Introduction
The creation of artificial life, artificial life that clearly represents an improvement over life as it has evolved. That is how most science fiction authors and movie-makers view AI. For example, one movie contains the typical Frankenstein AI scenario. In that movie, self-aware robots rebel against their makers and decide to challenge their right to determine who lives and dies. More recently, another movie depicts a future with self-aware machines that are locked into a bitter battle for survival with humans. Popular science fiction books depict AI as not only independent but, in many ways, superior to conventional human beings
But these portrayals of AI software are, for the most part, fantasy.
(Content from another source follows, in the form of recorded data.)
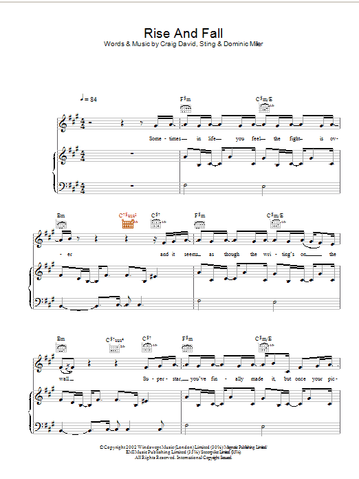 Download or print Craig David Rise & Fall sheet music, chords and digital score arranged for Guitar Chords/Lyrics. This R & B score includes 3 page(s).
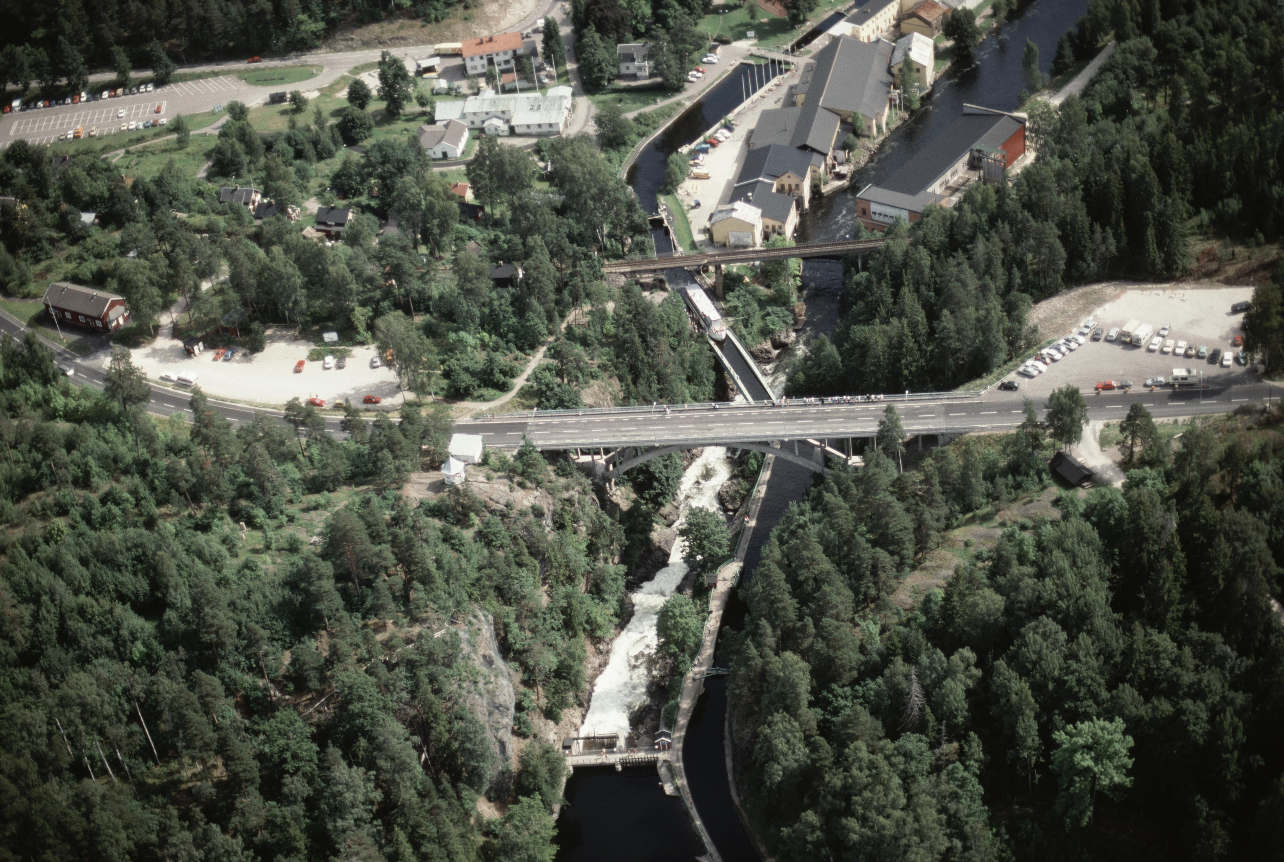 Beskrivning: Dalslands kanal vid byn Håverud, mellan sjöarna Åklång i väst och Övre Upperudshöljen i öst. Bro, järnvägsbro, akvedukt och sluss. Minnesmärke RAÄnr Skållerud 33:1-2. Bilden är tagen mot (väderstreck): Ö
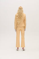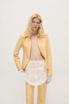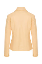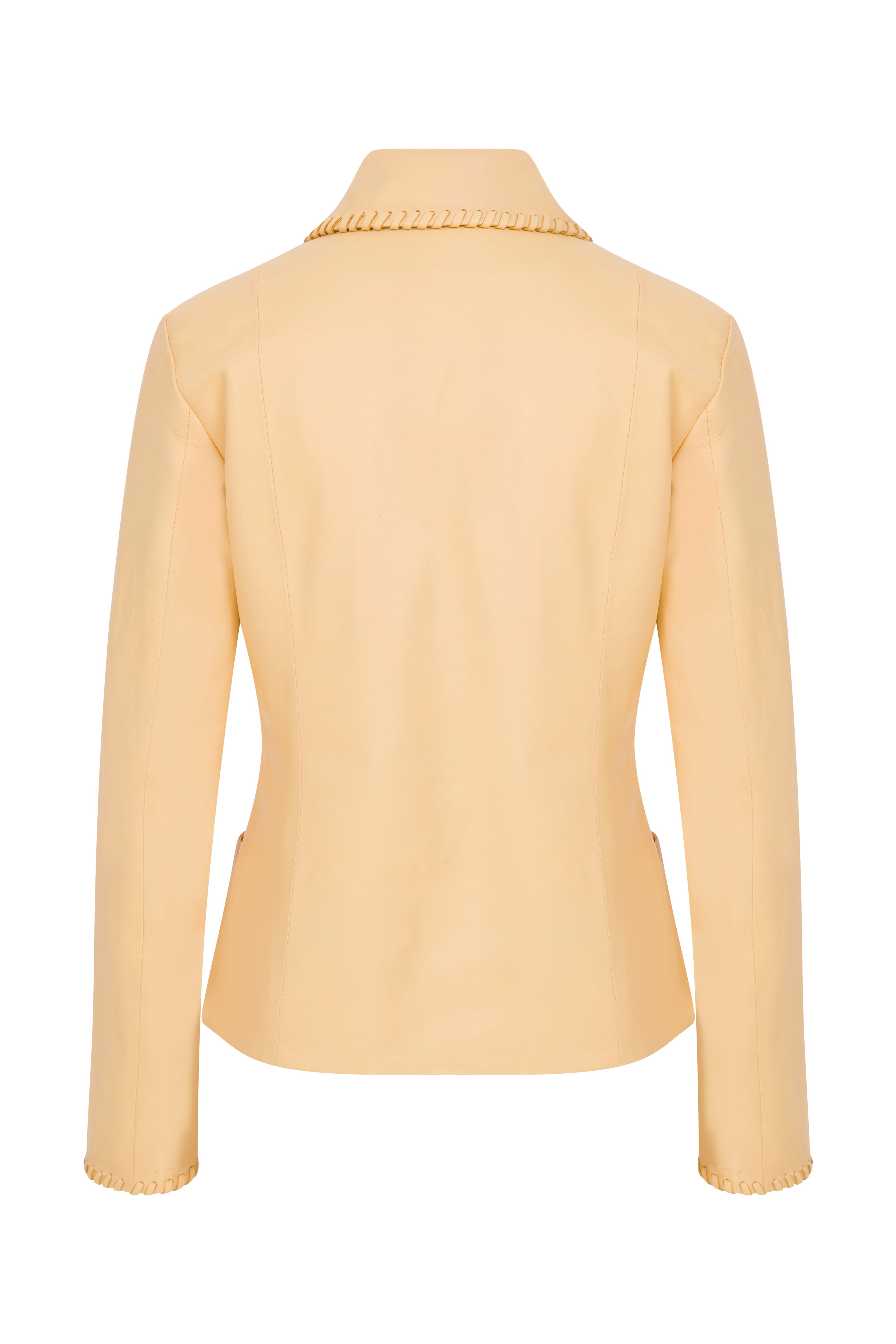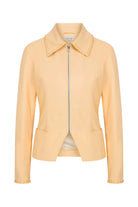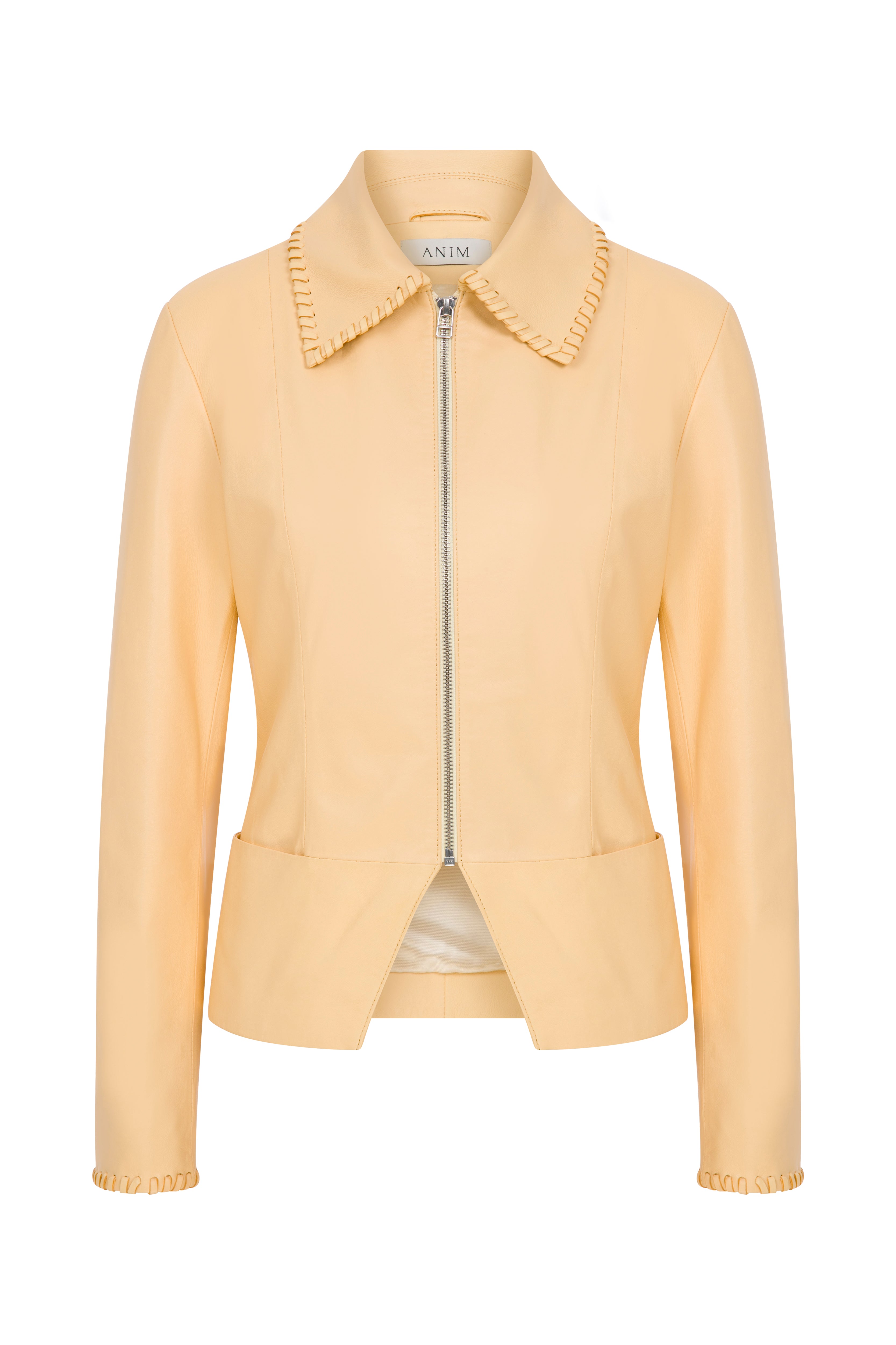 Nina Ceket, yumuşak kuzu derisinden, sarı tonunda üretilmiştir. Klasik yakası ve önden fermuarlı tasarımıyla sade bir görünüme sahiptir. Gövdeye hafif form veren kesimi, bedeni sarmadan dengeli bir duruş sunar. İnce yapılı derisi sayesinde farklı mevsimlerde rahatça kullanılabilir ve çeşitli parçalarla kolayca kombinlenebilir.
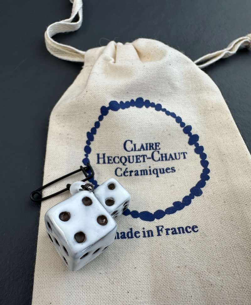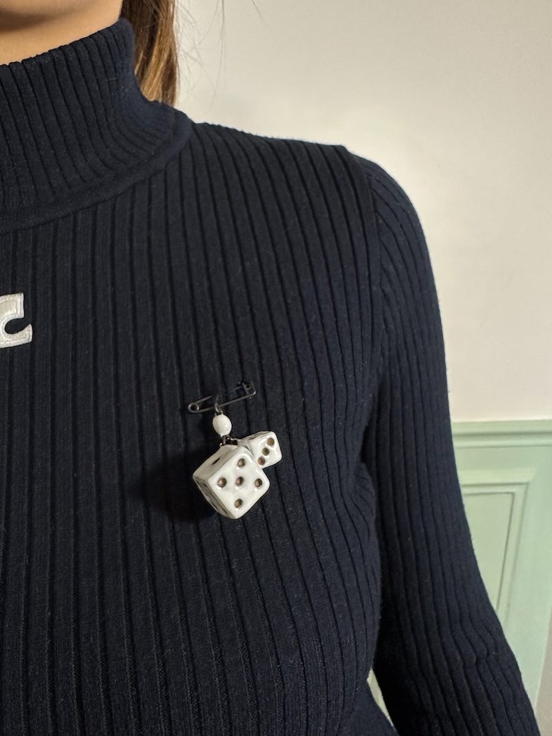 La broche "Dés" est entièrement émaillée et façonnée à la main en France par la céramiste Claire Hecquet-Chaut. Et toujours suivant une fabrication à l'ancienne.Chaque broche est réalisée dans son atelier, selon des techniques traditionnelles de céramique. Les dés sont sculptés avec soin, puis émaillés pour obtenir un rendu lumineux, durable et légèrement brillant.
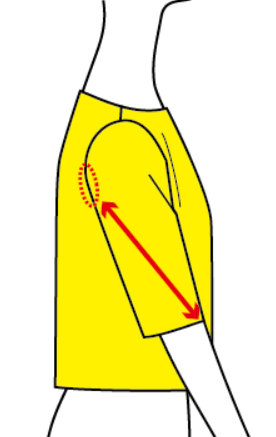 前に動かそうとすると、つっぱる感じがして動かしにくい服があります。下の図の、矢印の部分の距離が足りないから動かしにくい、と仮定します(実際は他の部分や素材、縫製などが原因のこともあるので、あくまで仮定です)。

At the other end of the scale, we have all the very real yet very specific AI programs that have been written and are available now. These should be viewed more as amazing tools that engineers have built rather than tools that have the ability to determine their own destiny. Desirable behavior from an AI program would be some kind of behavior that one would expect from a human as a result of a reasoning process. All AI systems, to some extent, mimic human behavior in order to solve problems that require intelligence. But most of the AI systems that we have today are users of a very small set of very specific techniques, more an engineering marvel than a psychological artifact
1. Fundamentals of machine learning
Traditional software systems follow a predetermined sequence of instructions to reach the solution. These systems are designed to perform tasks that have well-defined steps. They cannot generalize the answer across data points that were not designed to handle. Consequently, when a part of the task changes, the software needs to be reprogrammed to handle that task. Machine learning (ML) can address this limitation. It is a technique to give computers the ability to learn without being explicitly programmed. A new example can cause the program to change its processing rules as it learns more about any given task.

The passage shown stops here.